Our privacy is slowing eroding, at least in the sense that what we do is less private then it used to be. We’ve all know for some time that the phone company tracks all of our phone calls and that ISPs know something about our internet traffic. We accept that web servers record what pages we visit and when we visited them.

In the last couple of months we’ve learned that Facebook can track your habits across sites even after you log out, and mobile phone companies can track not only who you call but where you were. And it wasn’t secret that the OnStar system can track your vehicle’s location, speed and even whether you are wearing your seat belt, but only after complaints did they reverse part of the decision to sell that data to the highest bidder. At least you have to agree to their terms of service to be sold out.

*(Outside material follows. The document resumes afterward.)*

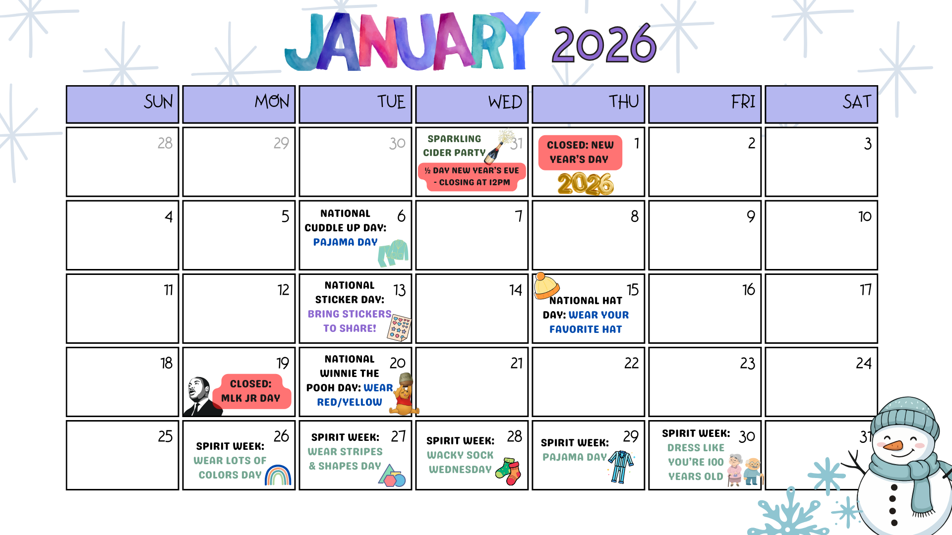 Stay informed about our closed days and spirit days by regularly checking our monthly calendars.

Another chip out of our privacy was buried in the announcement of the Fire tablet. There are a number of things to like about the device, and much of the press is positive, but the what makes the Silk browser unique is also what disturbs me most. Here is what the Amazon themselves said (from the video):

The browser observes aggregate user behavior across a large number of sites. Our browser is capable of detecting these aggregate user behavior patterns and actually requesting the next page your are likely to need before you even know you need it.

OK, I get caching and how through pre-fetching pages and optimizing images the browser will be a better performer, but that also means Amazon will be able to paint the clearest picture yet of what you’ve done on the web. Silk requires you to go through the AWS service which will reconstruct the page and all of its elements for you, so even connecting to a proxy server isn’t going to hide anything.

I hope Amazon allows users to opt-out of this part of the service, but I doubt it.